Stages and key points
Business alignment
This is just the same as all features. Business first. What's the value and cost to the business, measured by concrete figures?
Even if the technical people might not be fully involved at this stage, it's still paramount to fully understand the business motivation and constraints to make timely and correct decisions along the way.
A simple example: with automated bank transactions reconciliation, how many man-days could be saved for finance? How likely is a human error now, and how much would the risk cost? This is all measurable.
However, a common pitfall is that people tend to underestimate the long-term cost of maintaining a third party integration.
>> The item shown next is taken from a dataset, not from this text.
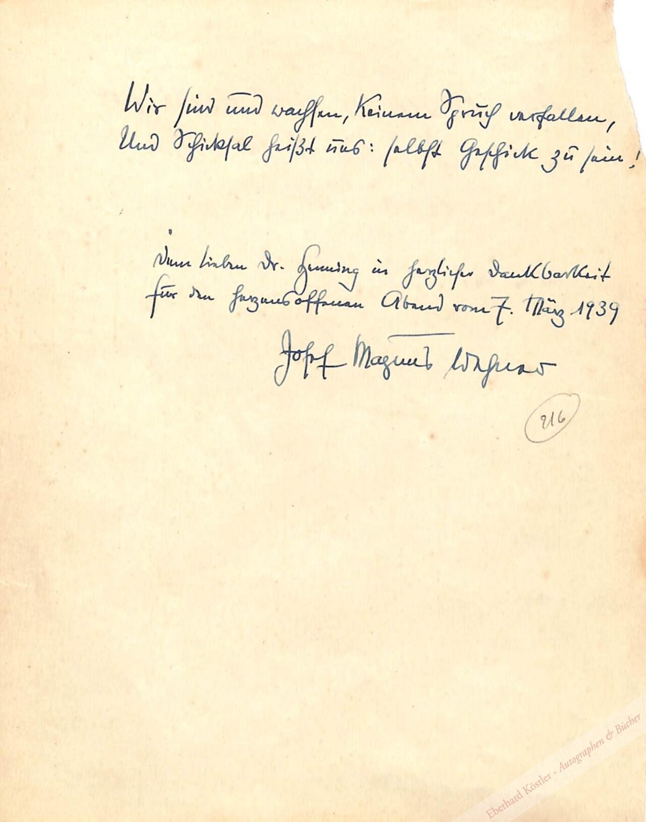 „Alle Brücken sind heilig, und auf jeder steht ein Nepomuk.“ – Rückseitig: Wehner, Josef Magnus, Schriftsteller (1891-1973). Dasselbe. 7. III. 1939. Für Dr. Henning.

It's considerably higher than an internal feature, varying depending on the maturity of in-house tooling. As an external force, there's simply predictable and unpredictable cost involved. Just to name a few: planned maintenance, unplanned breakdowns, certificate rotation, forced deprecation, and upgrades. For an integration-heavy platform, make sure this is considered in the tech budget.
Evaluation and selection
Alternatives: With the previous value estimation, it's always valid to ask—would there be a cheaper alternative? Would manually uploading a file suffice, albeit still a form of integration?
For cloud-native solutions, beyond the features, check their service level history. There's aggregation websites like https://statusgator.com/, but I find they rarely cover industry-specialised services. At least, you'd rather trust a service with a transparent status record than a discreet one.
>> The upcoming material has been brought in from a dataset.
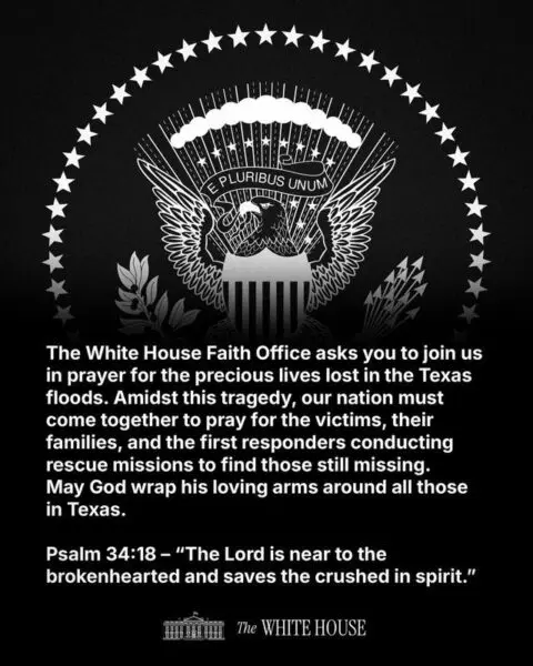 The White House Faith Office issued an invitation to our nation saying, “The White House Faith Office asks you to join us in prayer for the precious lives lost in the Texas floods. Amidst this tragedy, our nation must come together to pray for the victims, their families, and the first responders conducting rescue missions to find those still missing. May God wrap his loving arms around all those in Texas.” The statement reminded all of us that “Psalm 34:18- ‘The Lord is near to the brokenhearted and saves the crushed in spirit.’”

Anyway, it's a painful process. You have to figure out a scorecard to fit each scenario, and I haven't managed to find a universal methodology in this regard—do shout out and share.
Early verification
Try to shift left as much as possible, due to the fact that there's far more unexpected outcomes from a third party than an internal feature. Ideally, manually verify the business scenario and seek written clarification from their business representative.
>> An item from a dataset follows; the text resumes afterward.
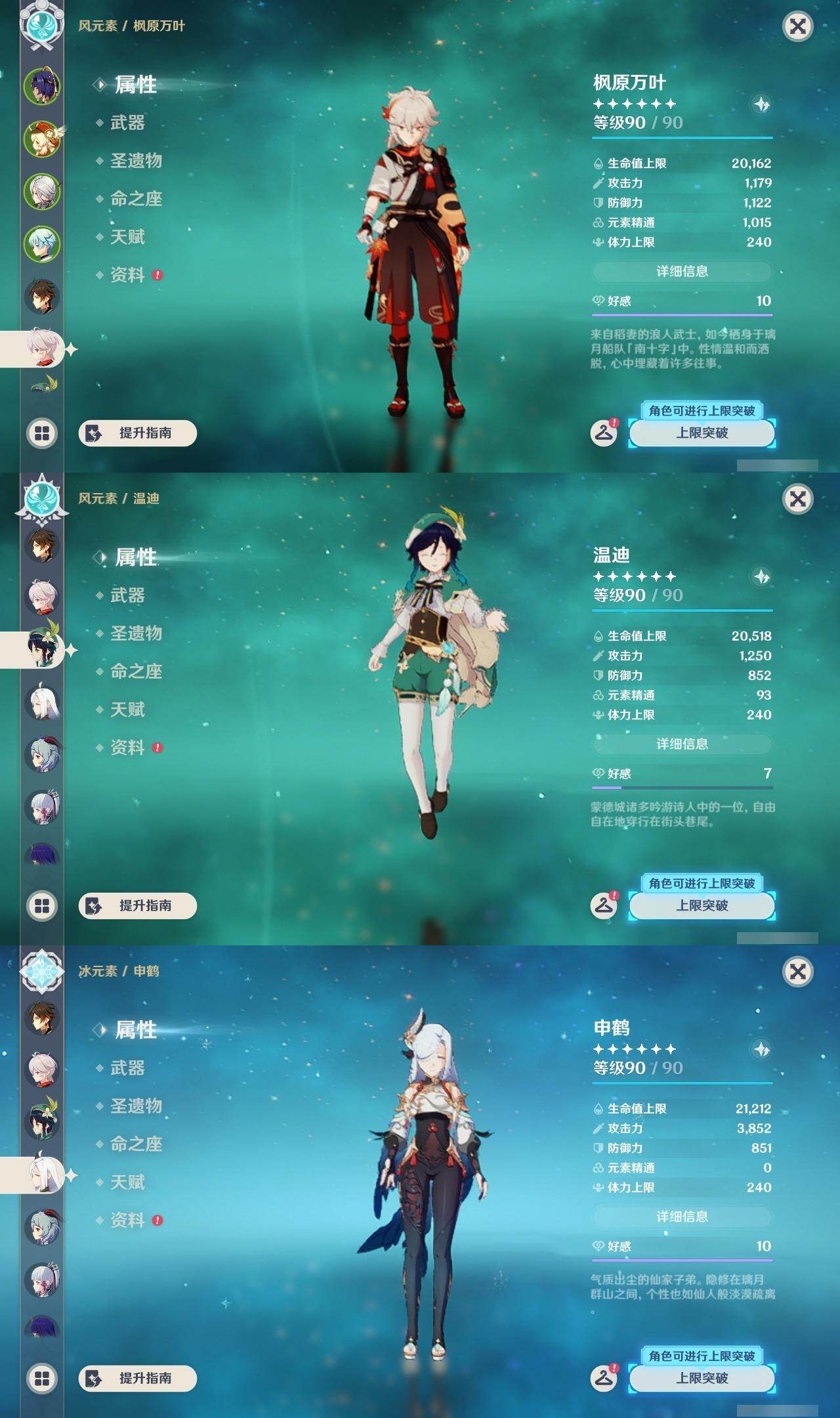可莉,钟离,枫原万叶,温迪,申鹤,甘雨,神里凌华,雷电将军,珊瑚宫心海,宵宫,胡桃,迪卢克,荒泷一斗,阿贝多,莫娜,七七,琴,刻晴

A lesson: I've seen a feature implemented to support next-day scheduled payments, without a clear confirmation from their business about what time the payment would be made—critical to the viability of the feature for our business. Even a confirmation from their technical unit won’t suffice, because implementation details are liable to change. Only a law-binding contract would justify the investment.
Another plus is that during early verification, you'll get a rough idea of their readiness in terms of testing environment, production environment, documentation, and responsiveness. It might be too late to steer away as a technical personnel, but at least you could adjust estimations and manage expectations for all parties.
Design and implementation
Most of the work is done here, including all the stages I've listed below. I'll list the items with a brief explanation:
- Idempotency: This is top on my list for the sheer simplicity it brings to functionality and maintainability as
well. Not saying it's simple to achieve, but it's worth the effort.
- Take payment for example—you won't want to pay twice. Usually, the payment service would require an identifier and promise idempotency on their side. On our platform, we need to make sure that identifier is stored and linked to an internal unique business identifier, which should avoid duplicate calls by all means. It has to be analysed case by case.
- Transactional/eventual consistency needs to be considered as well. You'll find achieving idempotency would most likely alleviate burden on this side.
- Security: IP whitelisting, mutual TLS, API keys etc. Universal and might be standardisable through internal tooling.
- Volume planning, throttling: Better to consider early than late. You might have to introduce rate limiters or
separation of accounts. If the call incurs cost, again refer to idempotency and introduce alerting or capping as
needed.
- We had an unexpected bill due to a broken infinite retry mechanism caused by changes to the platform framework. Is it foreseeable and preventable? Probably not. Yet for a large platform, this should be built into the infrastructure.
- Recoverability: Anything can fail. How would you recover from it and make up for missing data? Guess what—idempotency. When and how to retry is a concern of design as well.
- Implementation-wise, try to extract real data from their production environment and test-drive from there. Invest in your tooling for automation testing.
- Testing: Depending on the third party’s testing environment and the business scenario, it might not be feasible to link your UAT environment to theirs. In this case, deploying a mock server with responses supporting a subset of scenarios would unblock the flow in UAT to benefit product owners and tech.
Migration and Going Live
If the stake is high, test in production as early as possible with minimal chips to lose. Murphy's Law. Even if you've covered all the points at the design stage, there'll always be surprises. Prepare for surprises and control the risk.
Maintenance and Support
Logging, auditing, metrics—sparingly. Compared to internal features, the reproduction cost of an integration issue is higher. Keeping the crime scene is worth it. Storing all requests and responses in S3 would be an option.
Support-wise, like other support processes: automation and automation. Improve design if needed.
Business Continuity
Shit happens. Include third party integrations as part of your game day.